[Opening Data shown section]

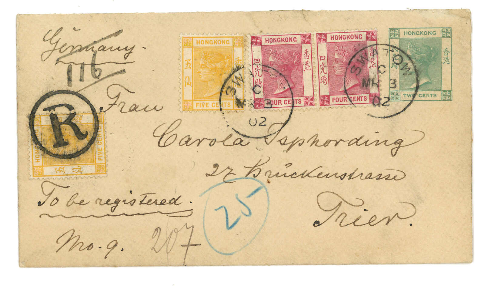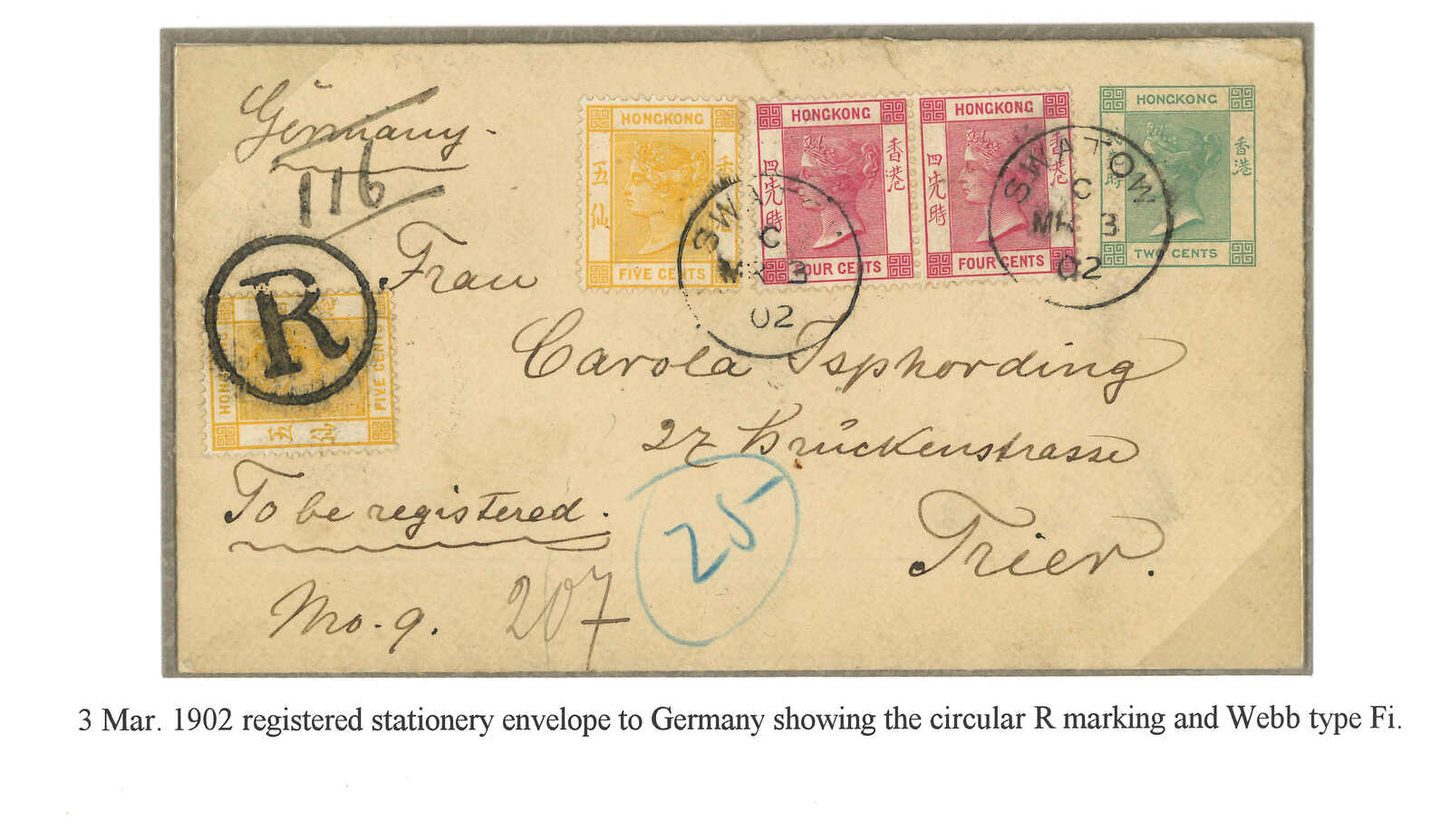 1902.3.3 汕頭寄奧國。香港維多利亞女皇像2仙郵資封,加貼4仙x2 + 5仙x2,合20仙,銷汕頭英局Webb Fi(C字)日戳,旁鈐帶圈R章。經香港。抵維也納。(Image 1)
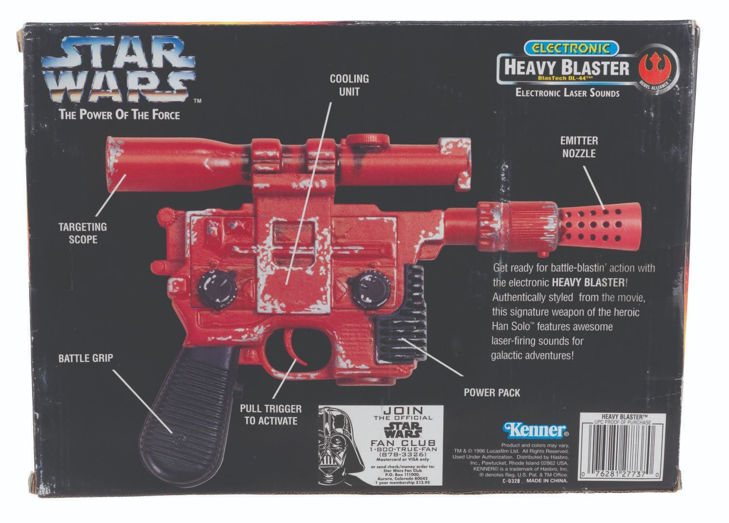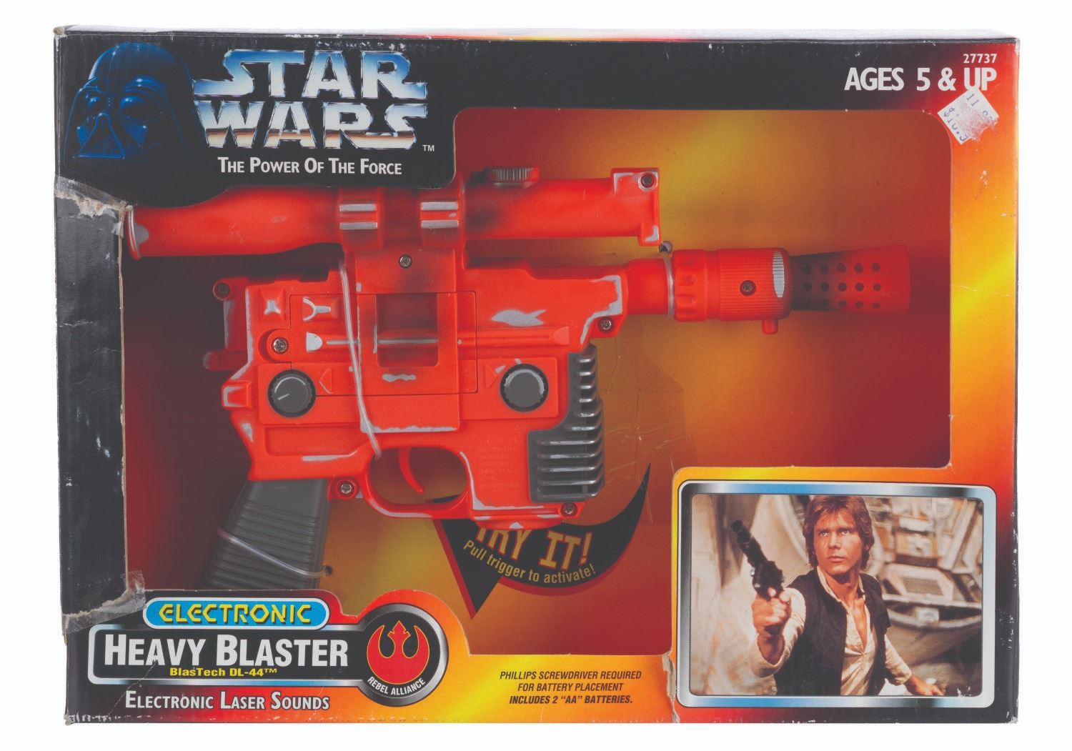 (Kenner, 1996) A Star Wars: The Power of the Force Electronic Heavy Blaster in its original packaging. The red blaster is intentionally distressed to replicate the style of the scrappy Rebel Alliance in the films. The electronic laser sounds did not work when tested, likely requiring 2 new AA batteries (not included). Measuring 6.5” x 10” in its original packaging, the unopened blaster is in very good condition with light scratches and wear, while the packaging exhibits creases, tears, wear, and tape from repair.
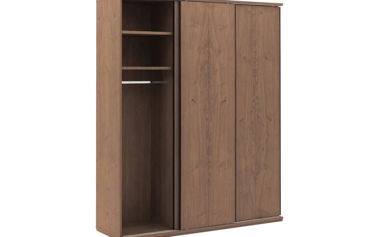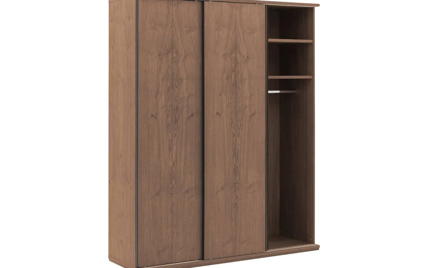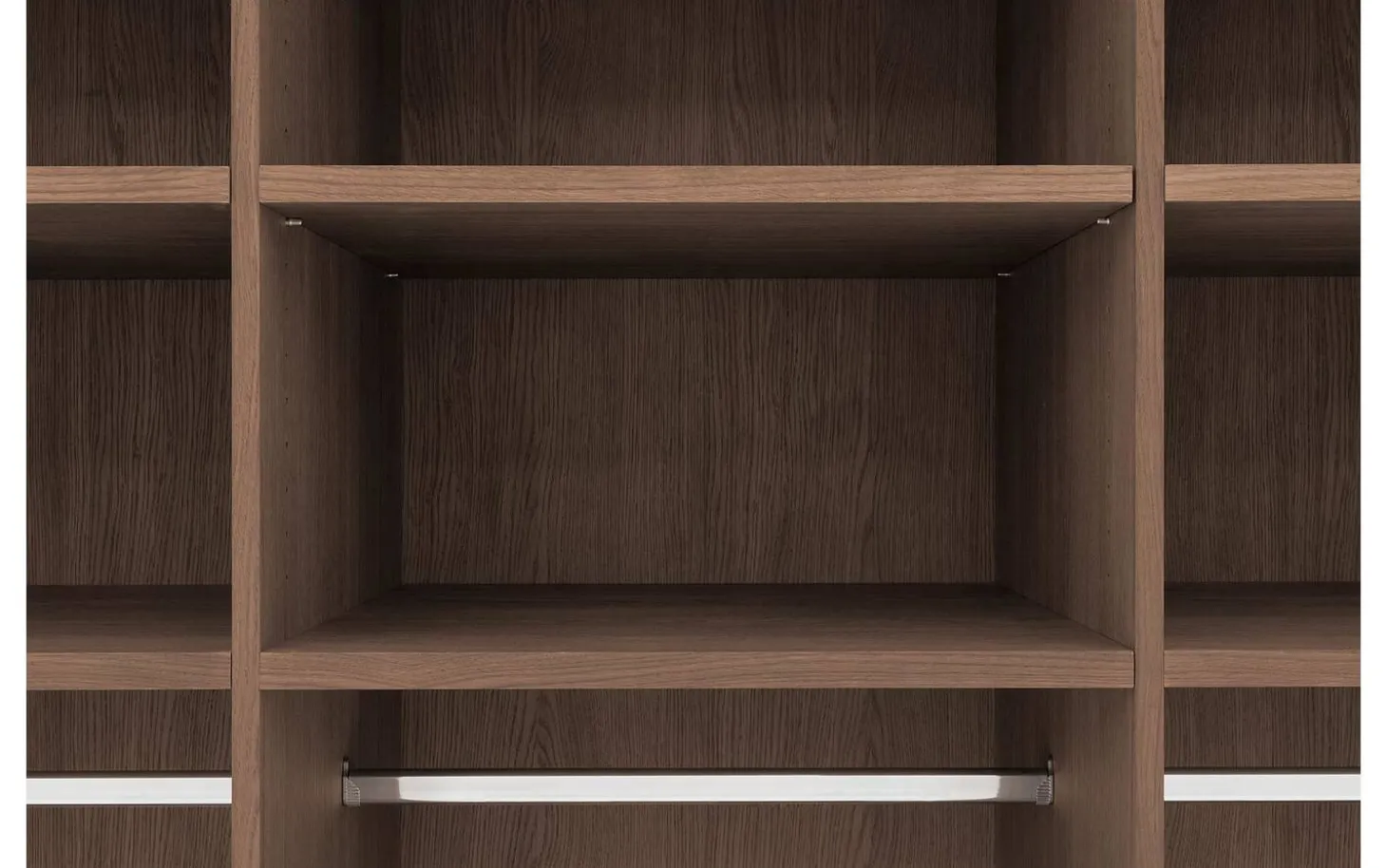 Dankzij de schuifdeuren is kledingkast Wood praktisch in gebruik. De deuren nemen minder ruimte in beslag, omdat de kastdeur de ruimte niet indraait. Bovendien zorgt het voor een strak design van de kledingkast. Vraag je je af of de kast voldoende opbergruimte heeft? Daar hoef je je geen zorgen om te maken! Ieder kastgedeelte (compartiment) heeft een roede en twee legplanken, zo beschik je over meer dan genoeg opbergruimte voor al je kleding. Wil je toch nog meer opbergruimte creëren in je kast? Je kunt speciaal voor kledingkast Wood extra legplanken of een inzetladeblok bijbestellen.

[Closing Data shown section]

_Activity:_ Restate word for word the lines running from the first line of the material to the line containing "(Kenner, 1996) A", inclusive, and drop every picture.

_Result:_
 1902.3.3 汕頭寄奧國。香港維多利亞女皇像2仙郵資封,加貼4仙x2 + 5仙x2,合20仙,銷汕頭英局Webb Fi(C字)日戳,旁鈐帶圈R章。經香港。抵維也納。(Image 1)
 (Kenner, 1996) A Star Wars: The Power of the Force Electronic Heavy Blaster in its original packaging. The red blaster is intentionally distressed to replicate the style of the scrappy Rebel Alliance in the films. The electronic laser sounds did not work when tested, likely requiring 2 new AA batteries (not included). Measuring 6.5” x 10” in its original packaging, the unopened blaster is in very good condition with light scratches and wear, while the packaging exhibits creases, tears, wear, and tape from repair.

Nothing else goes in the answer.